This example generates 500 sequences of 25 tokens (26 including BOS tokens), with perplexity uniformly distributed
between [1,101). This means that the output file will contain 5 sequences with `k <= perplexity < k+1`
for any `k` between 1 and 100.
Note that in the paper we split sequences into perplexity buckets of size 10 (i.e. [1,11), [11,21), etc).

Important arguments:
* `--min-perplexity` and `--max-perplexity` define perplexity range
* `--num-buckets` define number of buckets in the output file
* `--temp-min`, `--temp-max`, `--temp-step` configure temperature settings of the LLM when generating sequences. We iterate over a range of temperature values to cover the desired perplexity range (default temperature would rarely produce sequences with very low or very high perplexity)
* `--jaccard-threshold` ensures deduplication between generated sequences.
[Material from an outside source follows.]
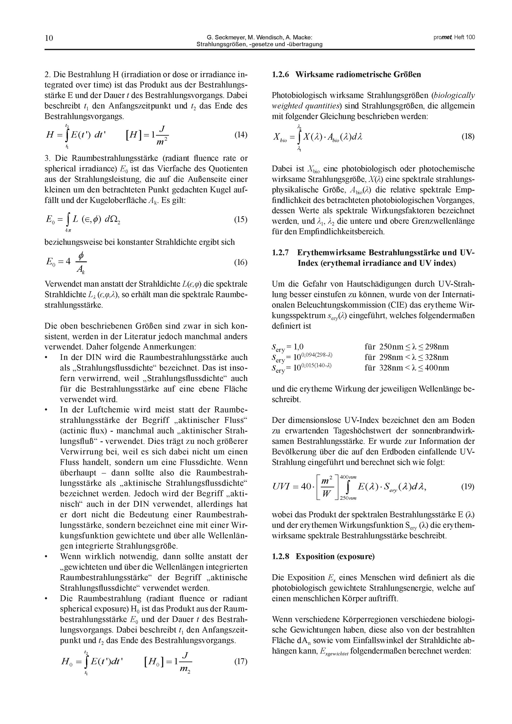 1. G. Seckmeyer, M. Wendisch, A. Macke: Strahlungsgrößen, -gesetze und -übertrag...

We want to ensure there's no cross-memorization between different trap-sequences, so we ensure jaccard distance between any two sequences is above a certain threshold. This is increasingly important for low perplexity sequences.
* `--retokenize` eliminates tokenization artifacts and ensures that generated sequences maintain target length after once cycle of decoding to raw text, and then encoding back. When enabled, we only consider sequences which maintain the same length after retokenization.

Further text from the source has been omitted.